The five realities below come from Spring Health's HR and employee research in publishing its 2026 Workplace Mental Health Annual Report. Each one closes with action items employers can run within a single quarter.
1. Mental health benefits are no longer a bonus. They're a necessity.
Across every age demographic, employees treat mental health support as a factor in where they work. In fact, 69% of the employees surveyed said mental health benefits play a vital role in their job decisions. For 18-to-34-year-olds and 35-to-44-year-olds, those numbers are even higher: 83% and 78%, respectively.
That is a hiring and retention reality, not a wellness initiative. Workers will choose, stay at, and leave employers based on whether the benefit feels real to them.
What to do this quarter:
- Audit the gap between what is offered and what is used. If utilization is below 20%, the benefit is failing the population it is meant to serve.
- Communicate availability in plain language and in the places employees actually look (Slack, all-hands, manager one-on-ones), not only at open enrollment.
- Move beyond traditional EAPs. Short session caps and slow access to providers are why utilization stays low.
2. AI is changing work, and it is creating anxiety.
Spring Health’s 2026 employee research found four key ways AI anxiety affects employees: information overload (24%), a reduced sense of control over the future (23%), increased financial stability concerns (20%), and worsened job-related and work-life stress (19%).
The anxiety is not abstract. Employees are being asked to adopt AI inside their daily work without a clear answer to the question, "What does this mean for my role?"
What to do this quarter:
- Tell employees, in writing, what AI is being used for and what it is not. Vague answers raise anxiety. Specific answers lower it.
- Train managers to surface AI-related concerns in one-on-ones the same way they surface workload concerns.
- Make mental health support visible in the same channels where AI rollouts are announced.
3. Barriers to care remain, and they are mostly logistical.
Even when employees have mental health benefits, they don't always use them. The reasons employees give in Spring Health's 2026 research are practical: 43% cite a lack of time, 42% cite cost, 30% cite difficulty finding the right provider, 29% cite wait times, and 27% cite stigma around receiving help.
That stack of barriers is the single biggest reason a generous benefit can still produce low engagement.
What to do this quarter:
- Reduce the steps between intent to seek care and the first appointment. Every additional click drops conversion.
- Offer asynchronous and synchronous options so employees who cannot block an hour during the workday still have a path to care.
- Communicate cost coverage clearly and repeatedly. Many employees believe care is more expensive than it actually is for them.
4. Financial stress is a mental health issue, and the numbers keep climbing.
About 3 in 5 (59%) employees we surveyed said their financial stress has increased over the past five years, and nearly three-quarters (74%) said financial stress has impacted their mental health.

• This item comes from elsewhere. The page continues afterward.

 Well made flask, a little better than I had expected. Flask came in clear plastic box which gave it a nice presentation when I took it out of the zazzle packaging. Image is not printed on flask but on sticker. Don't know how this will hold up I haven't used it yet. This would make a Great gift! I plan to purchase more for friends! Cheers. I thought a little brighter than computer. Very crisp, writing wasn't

Employees who don’t have adequate mental health benefits from their employers are 52% more likely to experience financial stress than people with employer-provided resources.

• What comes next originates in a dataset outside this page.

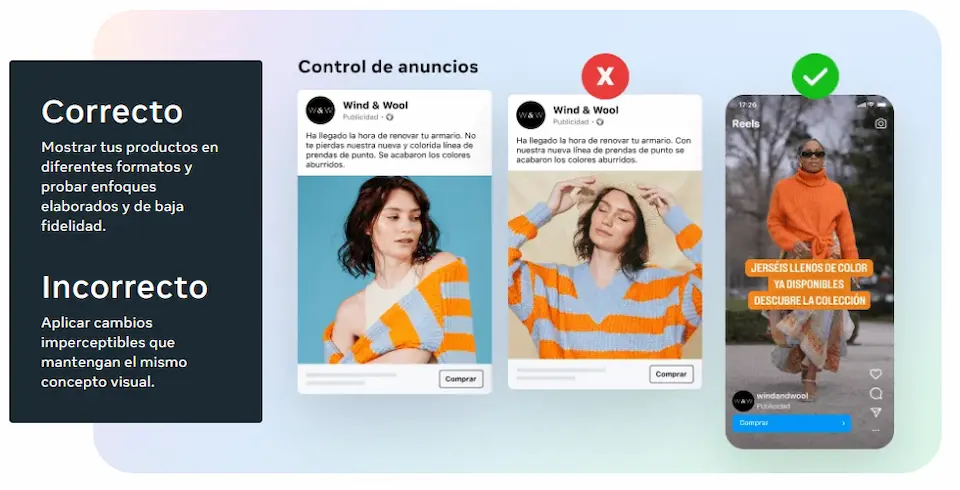 - Iteración creativa: exprimir lo que ya funciona, creando versiones parecidas de tu mejor anuncio.

That shows up at work as lost productivity at best, and turnover at worst. Treating financial stress as a separate problem from mental health misses how the two reinforce each other.
What to do this quarter:
- Offer financial literacy programming on the topics employees actually ask about, including saving and investing.
- Bring in licensed financial advisors for complimentary sessions, not just self-serve content.
- Add debt counseling that helps employees consolidate loans and refinance for lower rates. Pair it with mental health support, not as a separate benefit track.
5. Chronic workplace stress affects everyone, and it affects men and women in different ways.
Spring Health’s 2026 employee research shows that women are 17% more likely than men to say they’re currently experiencing burnout. Women are also 7% more likely than men to cite cost as a barrier to mental healthcare.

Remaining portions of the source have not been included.